This article deals primarily with the nature of Italian citizenship from the time of unification to the present. It is concerned with the civil, political, and social rights and obligations of Italian nationals and addresses how these rights and obligations have been changed or manipulated throughout the last two centuries.

== Italian national identity before 1861 ==
In the Middle Ages, the Italian Peninsula was split into five large and small sovereign states that were subsequently subdivided into several smaller, semi-autonomous, mini-states. In the early 19th century, Napoleonic conquests resulted in French control over most of Italy.

This 14-year period of Napoleonic rule is substantial to Italian self-recognition, because the administration of the French influenced Italians into entertaining the idea of a constituted Italian nation state. The repressive nature of this era also acted to engender a new generation of Italian national revolutionaries. One of which was Giuseppe Mazzini, known as a founder of the Risorgimento. Mazzini saw Italian nationality as inclusive: “For Mazzini, all Italians, irrespective of class and property, were impoverished and oppressed, and all were therefore included in his notion of 'the people'”

The key figure in the independence and initial unification of Italy was Count Camillo Benso di Cavour. Cavour wanted to create a modern secular state but without the characteristic social upheaval of revolution. Cavour and his supporters decided this could be done by limiting popular participation and unifying Italy with the consent of the Major Powers. Cavour also wished to limit enfranchisement, within the new Italy, to "men of substance." Cavour thought it most practical to control the definition of Italian Nationality, as well as the politics of the Italian Nation, from the top down.

==First constitution==
The first Italian constitution was created through the adaptation of the Piedmontese Statuto Albertino of 1848. Most of the Statuto were either copied from the French constitutional charter of 1840 or the Spanish constitution of 1812. The Piedmontese Statuto was originally drafted in French. To this day the statute remains officially un-repealed in Italy, though it is not used in present-day practice.
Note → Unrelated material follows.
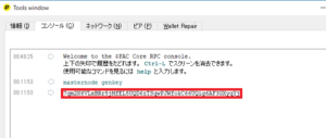 masternode.confに必要な情報を正しく書いて保存したら、ウォレットを再起動します。

==After Italian unification==

=== Storica's ===
The Destra Storica (Historical Right) completed the territorial unification of Italy, centralized its administration, and established an effective system of tax collection. It was repressive of popular movements, but respected the liberties of individuals, to think, speak, and write.

The Sinistra Storica (Historical Left) replaced the Destra Storica parliament. This period was characterized by low levels of enfranchisement among nationals. Less than 2% of the population was entitled to vote, until 1882 when the figure rose to 7%. There were only half a million male voters, and these were mostly dominated by a few thousand influential figures.

=== Giovanni Giolitti and voter expansion ===
Following the fall of the Sinistra Storica parliament, Italian national politics were firmly controlled by Giovanni Giolitti; his position in government remained predominant from 1903 to 1914. Giolitti's regime most notably created a major electoral reform law, which increased voters from 3 million to 8.5 million. Previous to Giollitti, in 1882, the number of enfranchised was limited because there was an educational test for voters. Soldiers, sailors, and police officers also were, oddly enough, excluded from enfranchisement. Under Giolitti, however, the Vatican decided to hesitantly support the Italian state; finally making it possible for “good Catholics” to vote in elections, following 1903. This combined with increasing literacy led to 30% of the male adult population becoming eligible to vote in national elections. Universal manhood suffrage followed later, in 1912. In 1919 illiterate voters, who comprised about 50% of the population, were able to take part in elections by depositing unmarked ballot papers bearing their party emblem into the ballot box.

== Italian fascist conceptualization of nationality ==

=== La Voce ===

The nationalism of la Voce came to fruition under the authoritative Giolitti government. The movement is considered to be influential on, although not directly related to, the development of fascism. The greatest contrast between the thoughts of La Voce and the ideology of fascism occurs in the la voce belief that the myth of regeneration of politics was not associated with the myth of the supremacy of the state, nation, and race. In contrast, the Vociani wanted national regeneration through civic humanism and the faith of a secular religion that could “educate the moral conscience for the modern ‘New Italian’ harmonizing the need for a strong sense of national identity with the aspiration of attaining a higher universal conscience, above and beyond that of nationalism.”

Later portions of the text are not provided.